= No Trams to Lime Street =

1959 British television play

No Trams to Lime Street is a 1959 British television play, written by the Welsh playwright Alun Owen for the Armchair Theatre anthology series. Produced by ABC Weekend TV for transmission on the ITV network, the play was broadcast on 18 October 1959. The original version no longer exists.

Set in the northern English city of Liverpool, where Owen had grown up from the age of eight, the play starred Alfred Lynch, Billie Whitelaw, Jack Hedley and Tom Bell. It was directed and produced by two Canadians—Ted Kotcheff and Sydney Newman respectively. Newman was at the time the Head of Drama at ABC. The storyline concerns three sailors on shore leave in Liverpool.
The play was a factor in Owen later being hired to write the script for The Beatles' first feature film, A Hard Day's Night (1964), as they had been impressed with his depiction of their home city in the production. For his work on that film, Owen was nominated for an Academy Award in 1965.

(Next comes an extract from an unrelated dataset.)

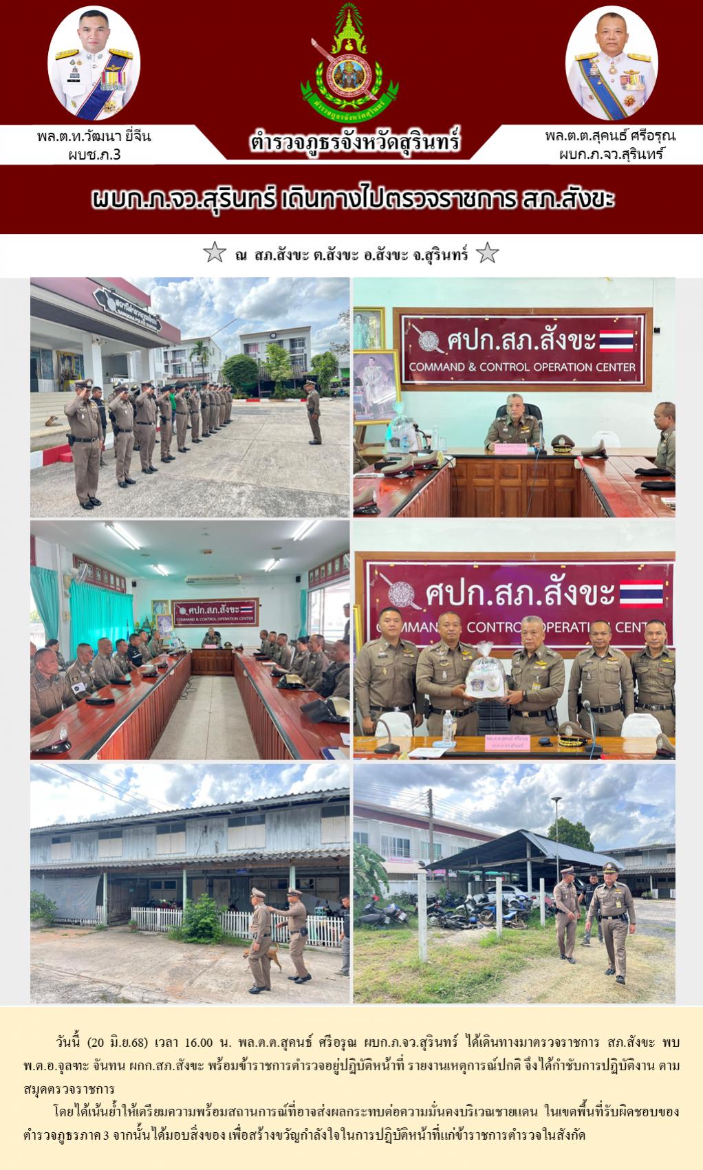 20 มิ.ย. 2568 19:52:03ผบก.ภ.จว.สุรินทร์ เดินทางไปตรวจราชการ สภ.สังขะ วันนี้ (20 มิ.ย.68) เวลา 16.00 น. พล.ต.ต.สุคนธ์ ศรีอรุณ ผบก.ภ.จว.สุรินทร์ ได้เดินทางมาตรวจราชการ สภ.สังขะ พบ พ.ต.อ.จุลฑะ จันทน ผกก.สภ.สังขะ พร้อมข้าราชการตำรวจอยู่ปฏิบัติหน้าที่ รายงานเหตุการณ์ปกติ จึงได้กำชับการปฏิบัติงาน ตามสมุดตรวจราชการ ...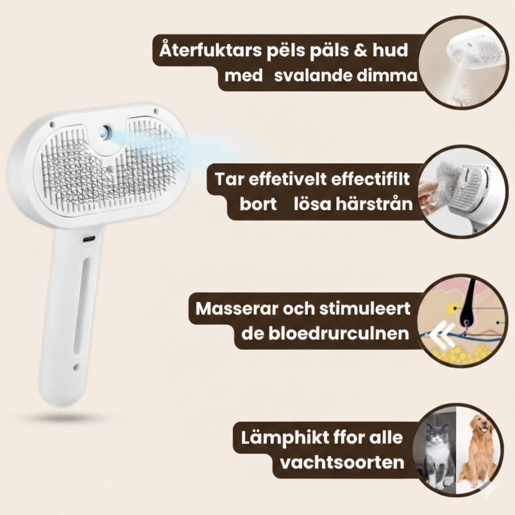 Pflegen Sie Ihr Haustier wie ein Profi mit PälsDimma Steami Pro – unserer innovativen Bürste, die lose Haare, Verfilzungen und Schmutz mühelos entfernt, während das Fell mit Feuchtigkeit versorgt bleibt.

In 1965, No Trams to Lime Street was remade by the BBC, as part of their Theatre 625 anthology strand, screened on the new BBC2 channel. It was presented as the middle episode in a trilogy of loosely connected Owen plays, broadcast on 21 March 1965, being preceded by Progress to the Park on 14 March and followed by A Little Winter Love on 28 March. The second version, which starred Mike Pratt, Tom Bell and Anthony Hall, is also lost.

The play was remade for television a second time, again by the BBC, in 1970, for the Wednesday Play strand. Transmitted on 18 March 1970, this time on BBC1 this version was directed by Piers Haggard starred Rosemary Nicols, Glyn Owen, Anthony May, Eilian Wyn and Paul Greenwood; and included songs and music by Marty Wilde and Ronnie Scott (not the famous jazz saxophonist and club owner). This version survives as a black and white telerecording, although it was made in colour.